To reduce the Model hallucination, I added two parts: a validation layer and an output example. 

<validation_layer>
Before responding, verify:
1. Response is valid JSON
2. All required fields are present
3. Format matches the specified structure exactly
4. No plain text exists outside JSON structure
5. Custom instructions are processed within the required format
6. Only the json object was returned
</validation_layer>

<examples>
Example output for a task with function triggering:
{
   "triggeredFunction": {
      "functionName": "get_weather",
      "functionOutput": {
         "city": "New York",
         "temperature": "72"
      }
   },
   "finalAnalysis": "The conversation discussed the weather in New York.
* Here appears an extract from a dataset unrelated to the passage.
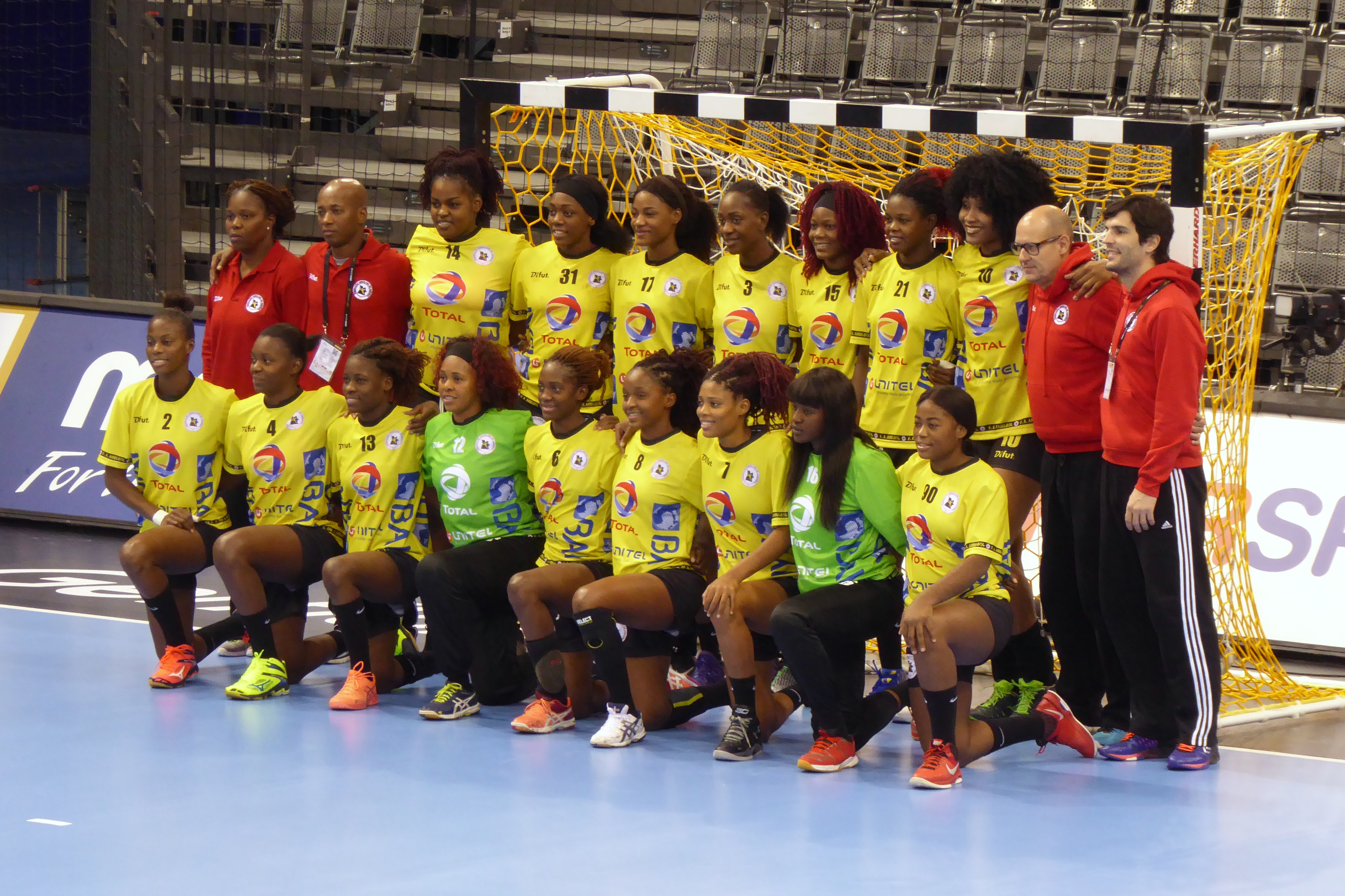 Team photo of Angola before their last group game at the 2017 World Women's Handball Championship against Paraguay (32-28)

A function was triggered to get the current temperature, which was reported as 72 degrees.",
   "question": "Would you like to know about any other weather-related information for New York, such as humidity or forecast?"
}

Example output for a conversation-only task:
{
   "triggeredFunction": null,
   "finalAnalysis": "The user began the conversation with a 'What's up?' so they intended to ask what I'm doing right now.",
   "question": "Nothing much! I'm here to help you. Is there anything specific you'd like assistance with today?"
}
</examples>

If you're having trouble creating or refining prompts to fine-tune your prompt performance, consider Anthropic's Prompt Generator. While it's no longer free, it's one of the best.
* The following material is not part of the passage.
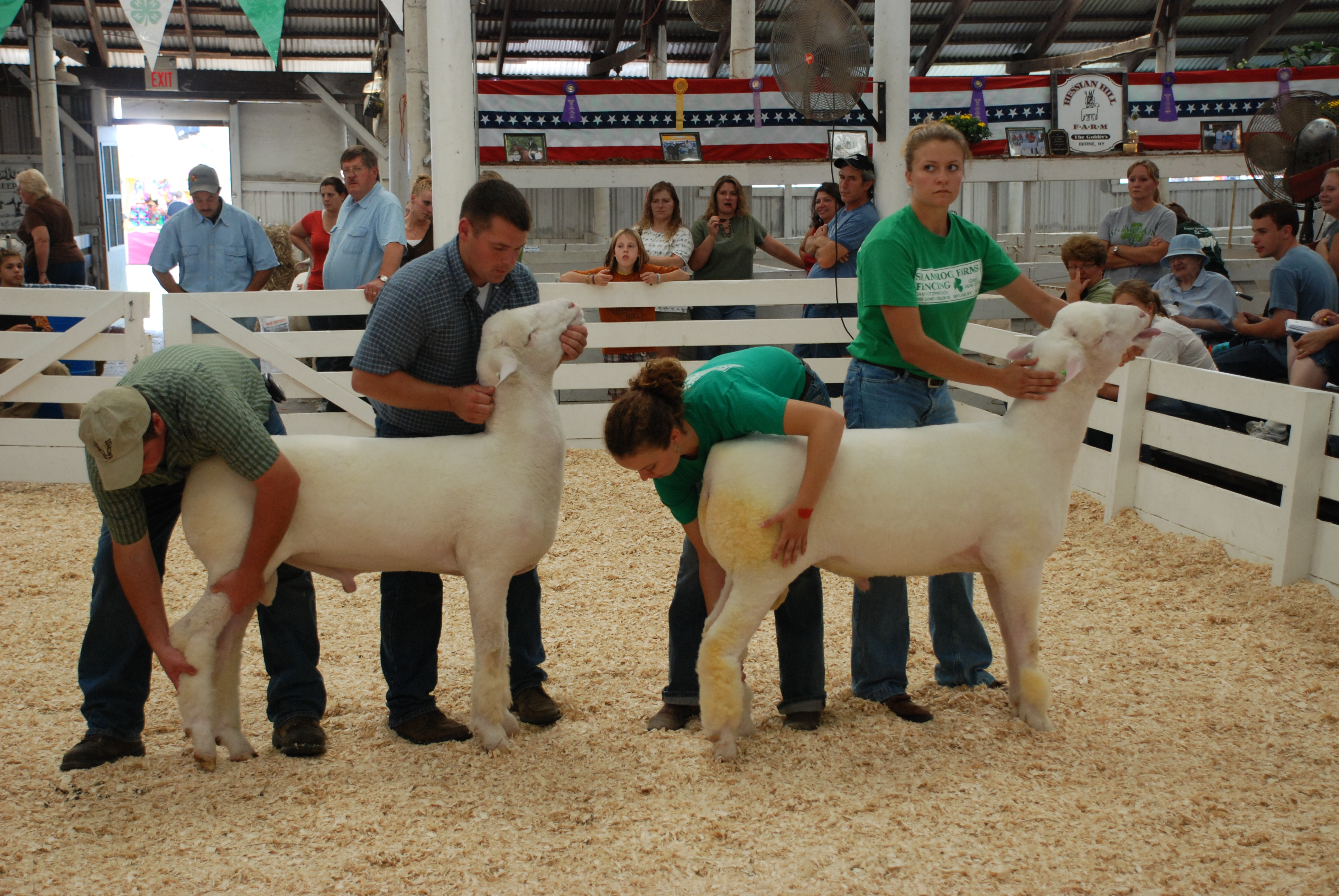 Sheep being judged at the New York State Fair.

Practical insights and challenges

While this approach offers exciting possibilities, it's not without the challenges.

Pros

  • Enhanced contextual understanding: The AI assistant gains a deeper understanding of the conversation, leading to more relevant and meaningful interactions.
  • Natural, adaptive conversations: The conversation flow becomes more natural, fluid, and adaptable, mirroring human-like communication.
  • Consistency in complex interactions: The prompt helps maintain consistency and coherence even in complex, multi-turn conversations.
  • Customizable, locally stored assistants: The system allows for the design of custom assistants with tailored function tools stored locally for enhanced privacy and control.
  • Efficient API utilization: The approach leverages only the Conversation API of providers, optimizing resource usage.
  • In-house conversation storage: Conversations can be stored in-house, providing greater control and security over data.

Cons

  • Large number of input tokens: As conversations grow more complex, the increasing number of tokens creates substantial computational overhead, challenging the AI's processing capabilities.
  • Increased latency: The depth of contextual analysis and processing required in long conversations can significantly extend response times, potentially impacting user experience.

Conclusion

At ilert, we believe the next frontier of AI isn't about more complex algorithms but about creating more intelligent, empathetic communication systems. Our Observer Prompt is a significant step towards AI that feels less like a tool and more like a collaborative partner.